▶ _Stored data_:
┏━━

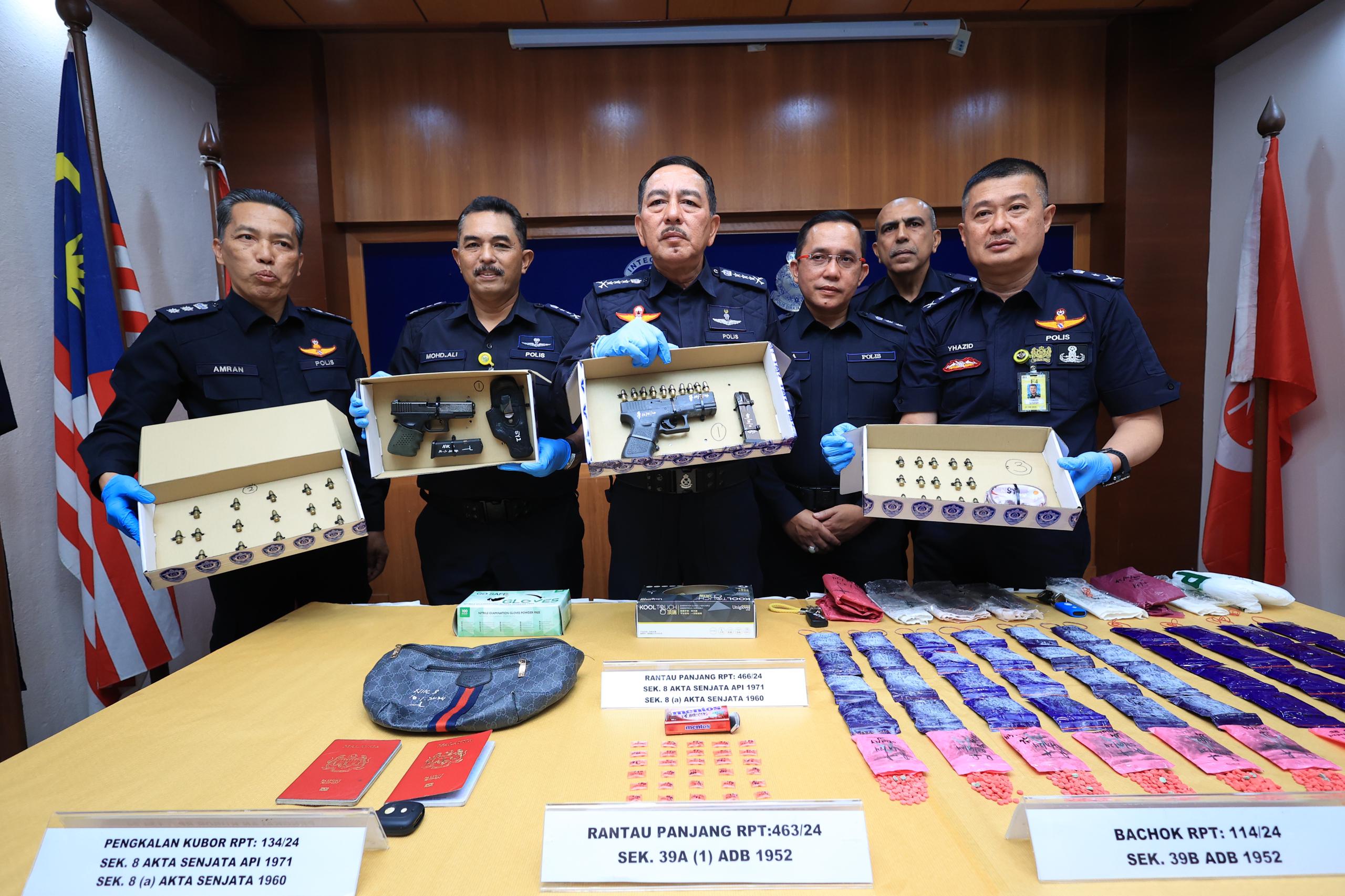 Dalam perkembagan lain, Muhammad Zaki turut berkata, serbuan berasingan polis turut merampas sepucuk pistol jenis Glock dan 31 butir peluru selepas menahan sepasang suami isteri di Kampung Geting, Tengah, Tumpat.
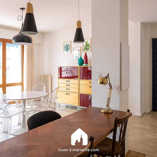 Dans le quartier agréable du Camas, en fond d'impasse au calme et dans une résidence très bien entretenue, joli appartement T3 meublé clair et ensoleillé. Belle terrasse plein sud, entièrement équipé, 2 chambres, une cuisine séparée et possibilité d'un box fermé privatif pour 120 / mois . Climatisation installée en juillet 2023. METRO M1 & TRAMWAY T2 REFORMES CANEBIERE BUS #BUS #52 ROOSEVELT DEVILLIERS
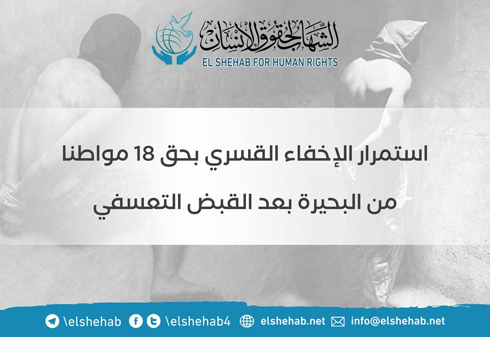 تواصل ميليشيات الانقلاب العسكري جريمة الإخفاء القسري لـ18 من أبناء البحيرة لمدد متفاوتة، منذ اعتقالهم في ظروف مختلفة دون سند من القانون ودون ذكر الأسباب، رغم تحريرهم عدة بلاغات وشكاوى من قبل أسرهم للجهات المعنية.
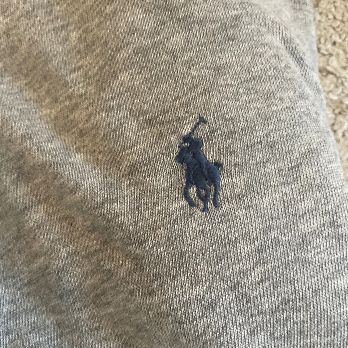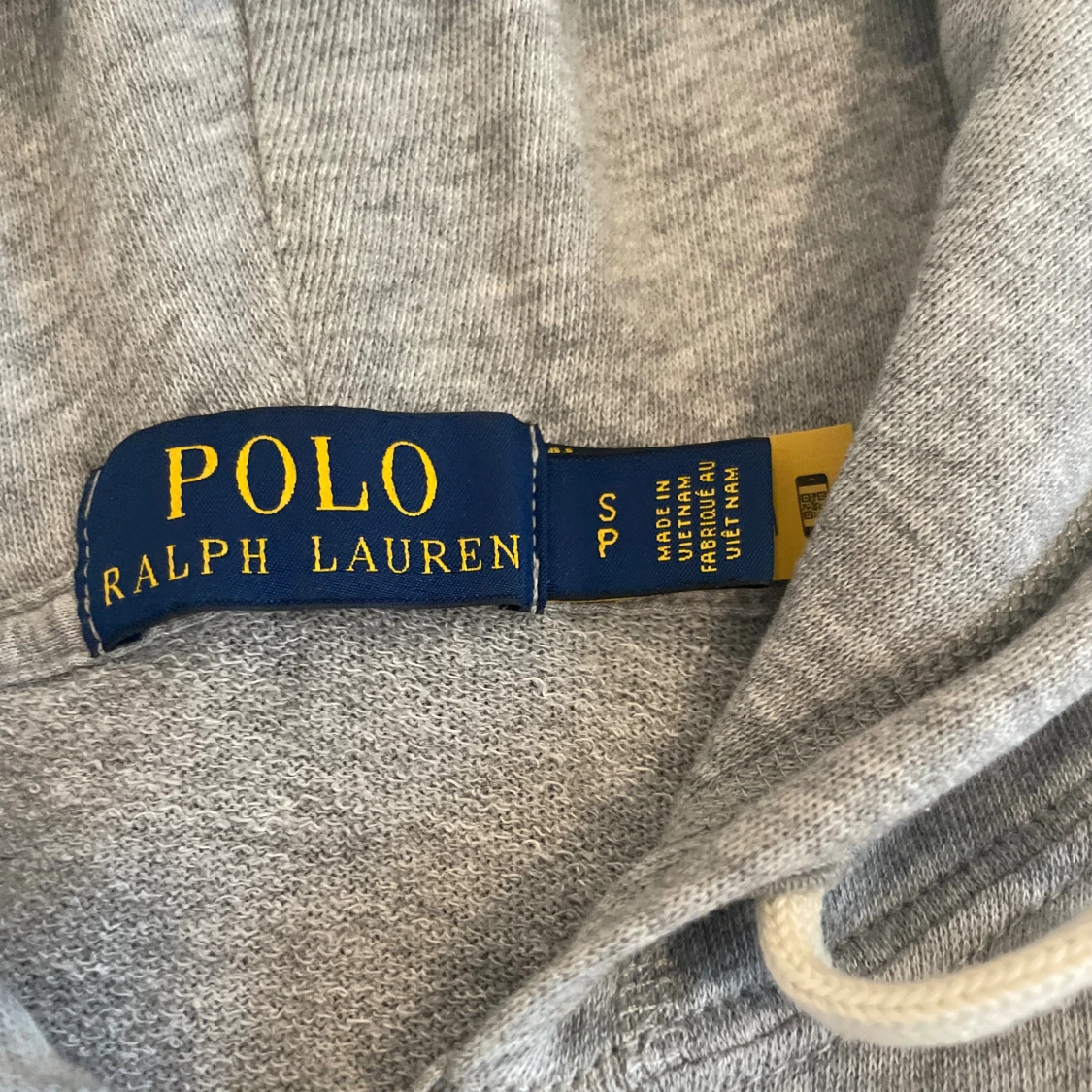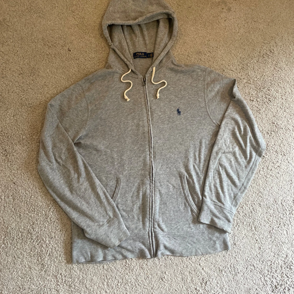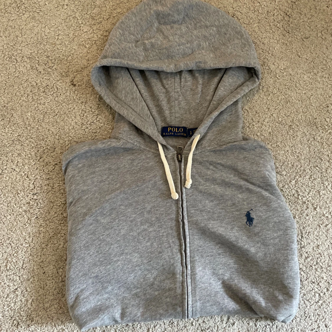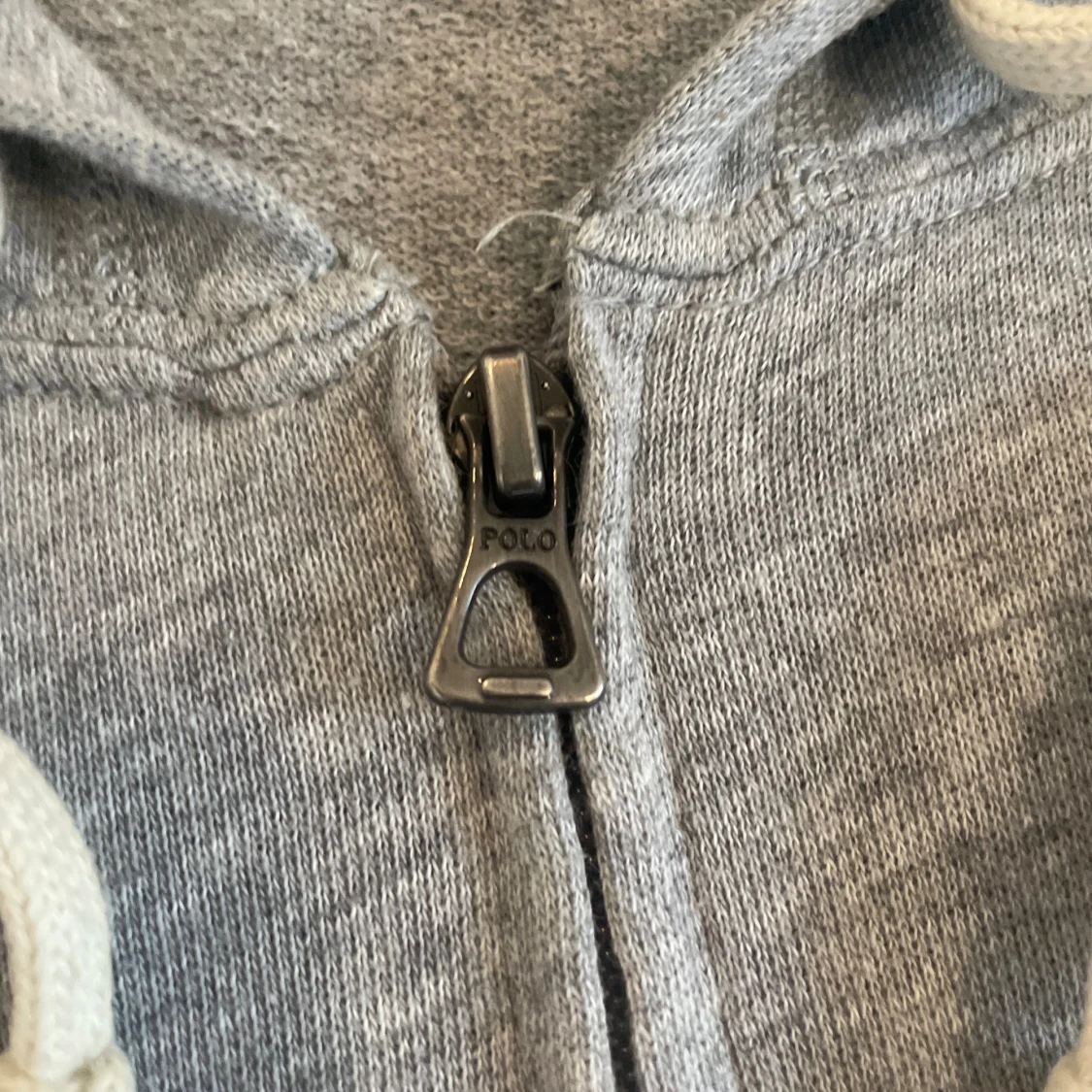 Grå hoodie från Polo Ralph Lauren med dragkedja och huva. Tröjan har vita snören, två fickor framtill och den klassiska blå loggan broderad på bröstet. Tillverkad i mjuk bomullsmix, perfekt för chill dagar eller när du vill vara bekväm. Matrialet är väldigt tunt❤️

┗━━

Give back the listing word for word, minus its images.

▶ _Response_:
 Dalam perkembagan lain, Muhammad Zaki turut berkata, serbuan berasingan polis turut merampas sepucuk pistol jenis Glock dan 31 butir peluru selepas menahan sepasang suami isteri di Kampung Geting, Tengah, Tumpat.
 Dans le quartier agréable du Camas, en fond d'impasse au calme et dans une résidence très bien entretenue, joli appartement T3 meublé clair et ensoleillé. Belle terrasse plein sud, entièrement équipé, 2 chambres, une cuisine séparée et possibilité d'un box fermé privatif pour 120 / mois . Climatisation installée en juillet 2023. METRO M1 & TRAMWAY T2 REFORMES CANEBIERE BUS #BUS #52 ROOSEVELT DEVILLIERS
 تواصل ميليشيات الانقلاب العسكري جريمة الإخفاء القسري لـ18 من أبناء البحيرة لمدد متفاوتة، منذ اعتقالهم في ظروف مختلفة دون سند من القانون ودون ذكر الأسباب، رغم تحريرهم عدة بلاغات وشكاوى من قبل أسرهم للجهات المعنية.
 Grå hoodie från Polo Ralph Lauren med dragkedja och huva. Tröjan har vita snören, två fickor framtill och den klassiska blå loggan broderad på bröstet. Tillverkad i mjuk bomullsmix, perfekt för chill dagar eller när du vill vara bekväm. Matrialet är väldigt tunt❤️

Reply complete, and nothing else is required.